(What is required)
Return the data below unchanged. Drop any pictures.

(Information shown)

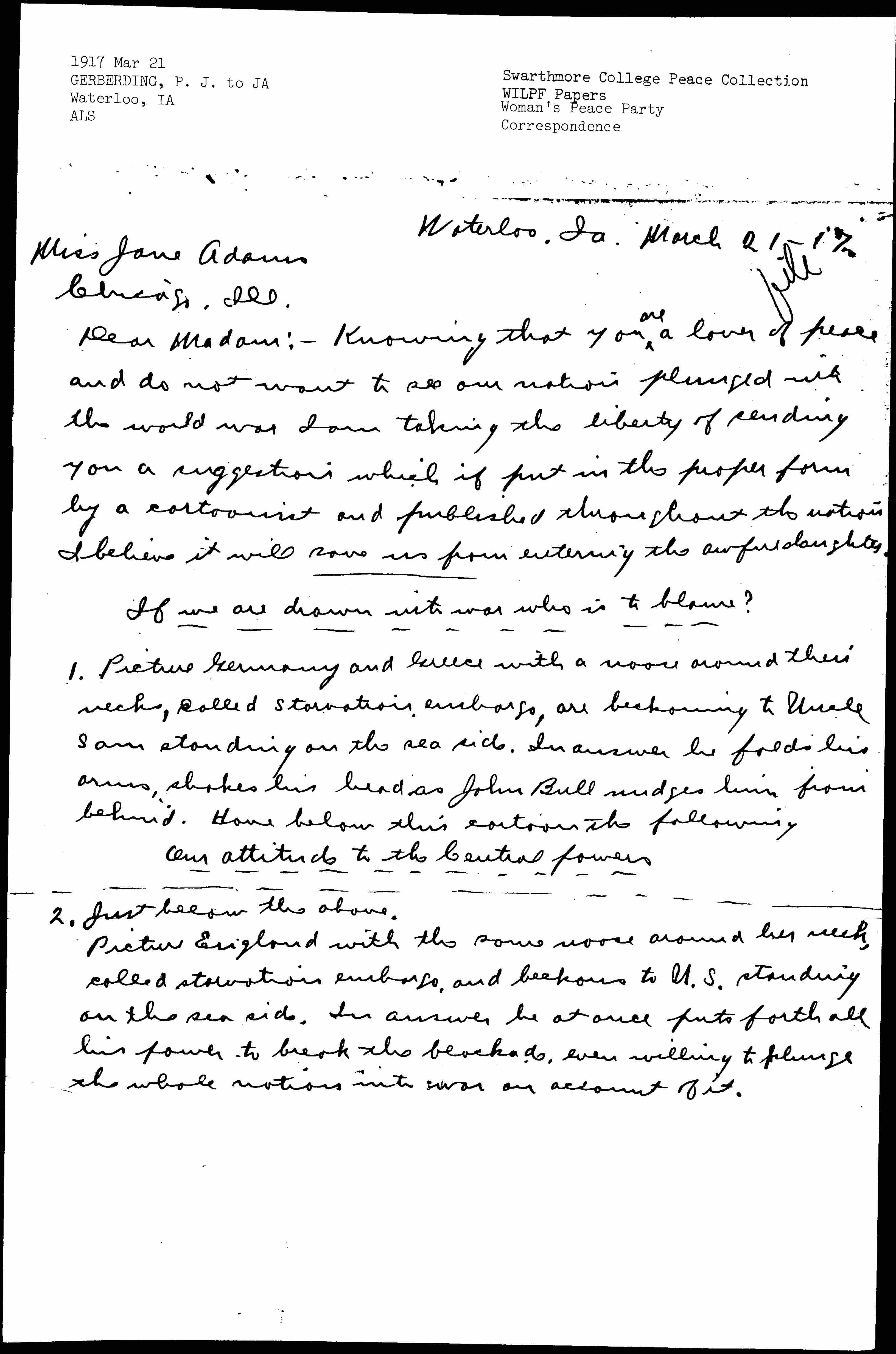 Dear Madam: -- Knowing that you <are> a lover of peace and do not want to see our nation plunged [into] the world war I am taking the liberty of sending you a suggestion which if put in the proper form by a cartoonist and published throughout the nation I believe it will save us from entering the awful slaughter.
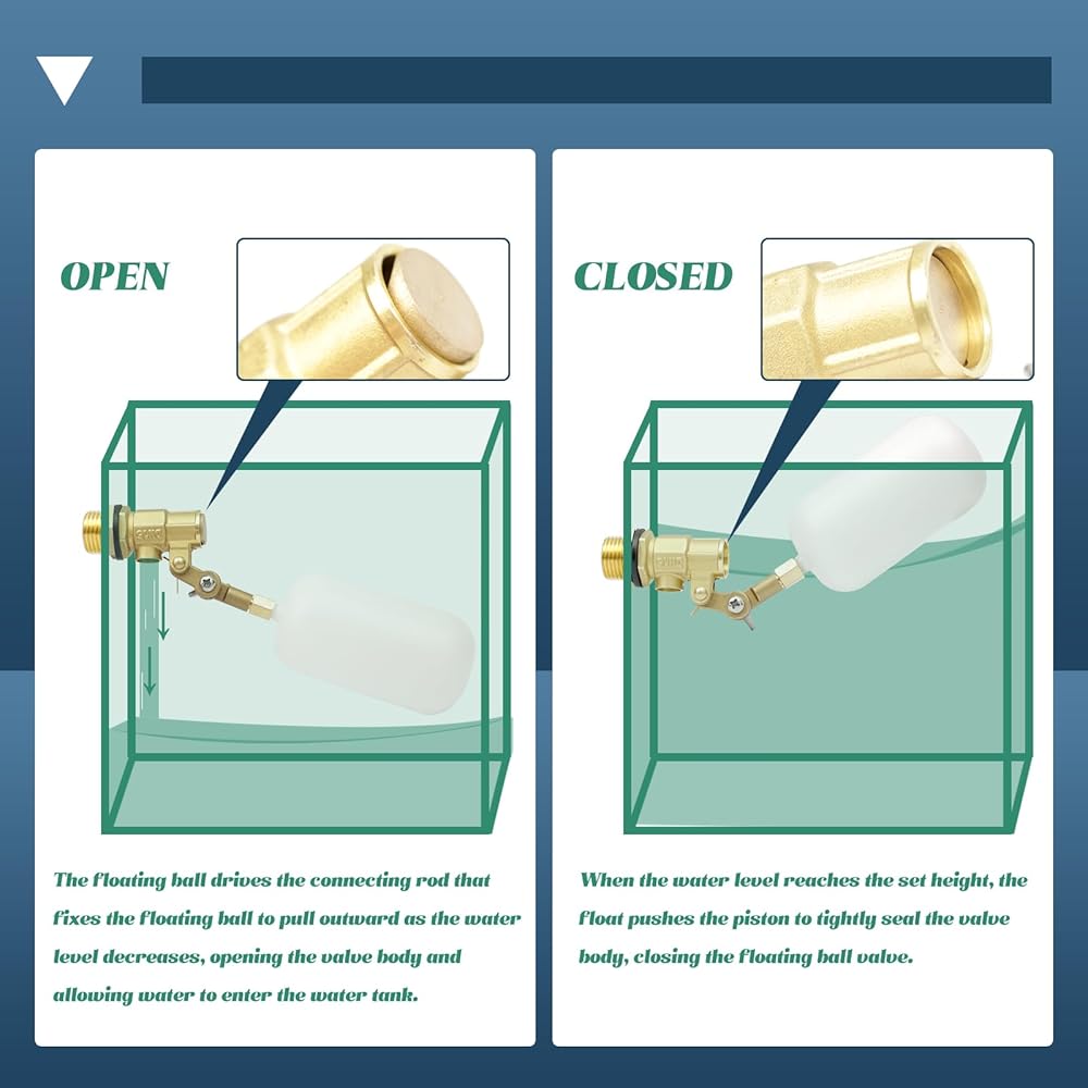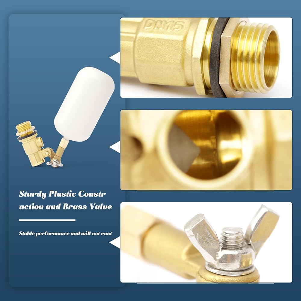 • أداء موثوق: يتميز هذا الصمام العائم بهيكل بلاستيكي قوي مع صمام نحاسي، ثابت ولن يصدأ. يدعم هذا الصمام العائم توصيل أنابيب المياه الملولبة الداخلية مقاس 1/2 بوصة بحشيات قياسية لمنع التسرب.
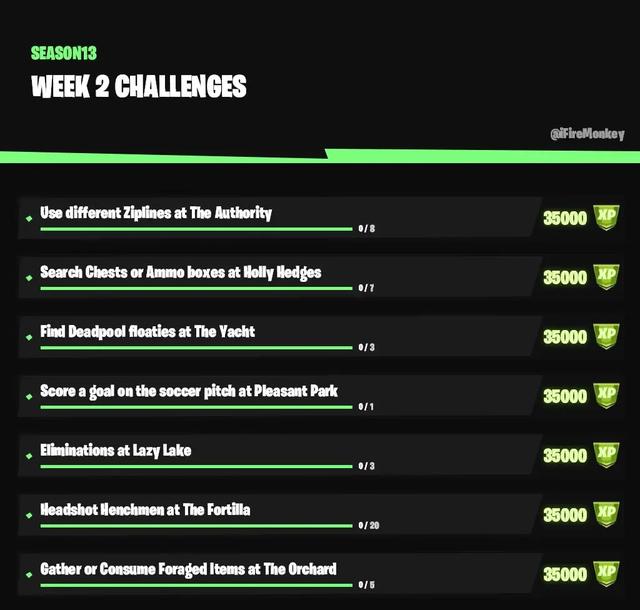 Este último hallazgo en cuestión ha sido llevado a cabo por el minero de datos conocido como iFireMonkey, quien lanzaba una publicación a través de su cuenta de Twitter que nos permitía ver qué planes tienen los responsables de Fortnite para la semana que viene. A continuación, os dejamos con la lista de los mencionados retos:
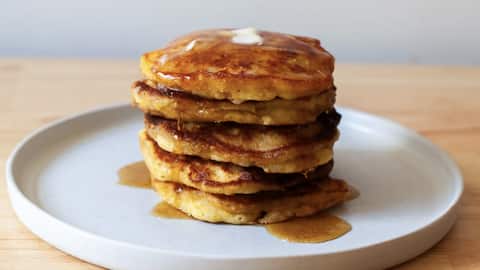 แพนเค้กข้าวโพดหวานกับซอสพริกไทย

(Answer to the problem)
 Dear Madam: -- Knowing that you <are> a lover of peace and do not want to see our nation plunged [into] the world war I am taking the liberty of sending you a suggestion which if put in the proper form by a cartoonist and published throughout the nation I believe it will save us from entering the awful slaughter.
 • أداء موثوق: يتميز هذا الصمام العائم بهيكل بلاستيكي قوي مع صمام نحاسي، ثابت ولن يصدأ. يدعم هذا الصمام العائم توصيل أنابيب المياه الملولبة الداخلية مقاس 1/2 بوصة بحشيات قياسية لمنع التسرب.
 Este último hallazgo en cuestión ha sido llevado a cabo por el minero de datos conocido como iFireMonkey, quien lanzaba una publicación a través de su cuenta de Twitter que nos permitía ver qué planes tienen los responsables de Fortnite para la semana que viene. A continuación, os dejamos con la lista de los mencionados retos:
 แพนเค้กข้าวโพดหวานกับซอสพริกไทย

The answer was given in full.